The guitar 10 is equipped with a novel sound pick-up unit 30 which includes
a transducer bridge assembly mounted to the guitar body 12 underneath the
six strings 26 adjacently to the bridge assembly 18.
The construction of the transducer bridge 30 is shown in FIGS. 3-9 where
the bridge assembly 30 is seen to have a bridge bracket 32 supported at
two opposite ends 38 in spaced relationship to the guitar surface 26 by
means of spacer blocks 34, and secured in place by means of two screws 36
threaded through spacers 34 and the bridge bracket 32 into the guitar
body. The bridge bracket 32 may conveniently be a strip of sheet metal
bent upwardly at each end 38 in the manner illustrated. The intermediate,
dropped portion 42 of the bridge bracket extending between the vertical
sections 44 holds a transducer assembly which includes an electrical
insulator strip 46 covering the upper surface of the bridge section 42,
and a printed circuit bridge strip 48 of the double-clad type having top
and bottom surfaces 50, 51 respectively.

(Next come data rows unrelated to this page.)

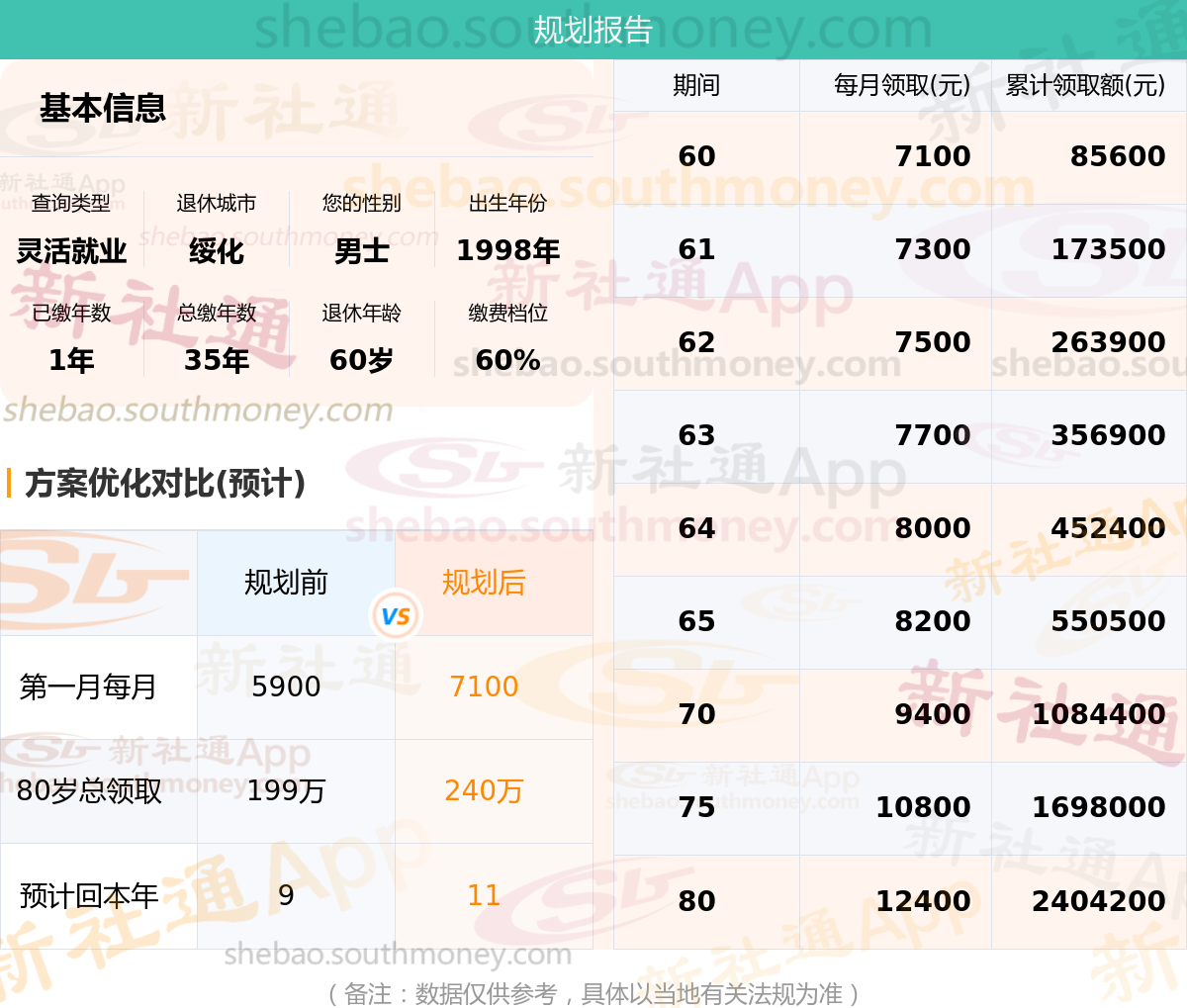 规划前:60岁第一个月约领5900元,新社通APP-养老金规划后:60岁第一个月约领7100元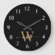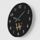 Modern Elegant Black Gold Monogram Name Script Large Clock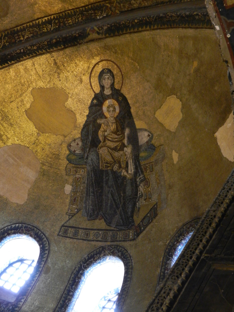 What I liked most about Hagia Sophia was seeing this amazing blend of religions and cultures. When the church was converted to a mosque, the Christian mosaics and iconography were either removed or plastered over, with the exception of the image of the Virgin Mary and child. With recent restoration work, you can now see some of the incredible Christian mosaics alongside medallions bearing beautiful, calligraphic inscriptions of the names of Allah. Visitors from all over the world have visited over the centuries, some leaving behind a little bit of themselves for people to wonder at. While I HATE people who feel the need to carve their names into historical places, I had to admit it was kind of funny/cool to find Nordic runes left behind by a Viking mercenary in the 9th century.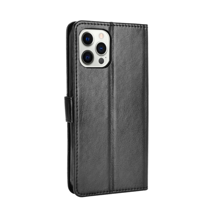 Funda de Cuero para iPhone 13 Pro Max Crazy Horse Texture con Tapa Horizontal Soporte Ranuras y Cordón (Negro)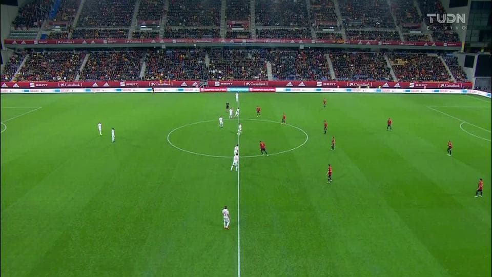Al conjunto español le costó abrir la lata, pero tras ocasiones fallidas de Cazorla y Ramos, anotó al 23’ gracias a un saque de esquina que remató Morata tras un rebote en la defensa rival.

Resting on the upper surface of
the printed circuit strip 48 are six elongated printed circuit strips 52
laid transversely to the bridge strip 48 as best seen in FIG. 5. Each
strip 52 is also double-clad circuit board having upper and lower
conductive surfaces, the lower conductive surfaces of the strip 52 being
in electrical contact with individual, electrically mutually insulated
conductive pads etched 54 on the upper surface 51 of bridge strip 48. A
transducer support arm 56 lies flat on and in electrical contact with the
upper conductive surface of each strip 52, and has a short forked end
section 58 bent upwardly at an angle relative to the printed circuit
strips 52 and the plane of the guitar surface 26. A piezo-electric
transducer element 60 is supported on the end 58 of the arm 56. A suitable
commercially available piezo-electric transducer element is Panasonic
#EFR-TAB 45K1. The transducer 60 consists of a metallic disk 62 on which
is permanently mounted a ceramic wafer 64. The steel disk 62 is spot
welded to the underside of the forked end 58 of the transducer support and
is therefore in electrical contact with the upper conductive surface 53a
of the printed circuit strip 52. The ceramic wafer 64 is connected by an
electrical lead 66 to the conductive underside 53b of the support strip
52. The transducer bridge assembly is completed by an electrically
conductive clamping strip 68 which extends transversely to the six strips
52 and parallel to the bridge strip 48, and is secured to the bridge
bracket 32 by means of seven clamping screws 70 each of which extends
through aligned bores in the elements 68, 48, 46 and is threaded into
bracket 32 so as to securely hold together the stacked strip elements in
positive electrical contact.
A transducer pick-up arm 72 has one end spot welded to the steel disk 62 of
each transducer element 60, while the opposite free end 74 of the
transducer pick-up arm is forked for receiving between two prongs an
overlying guitar string 20 and make light but positive mechanical spring
contact with the string at a point adjacent to the string bridge end 18a.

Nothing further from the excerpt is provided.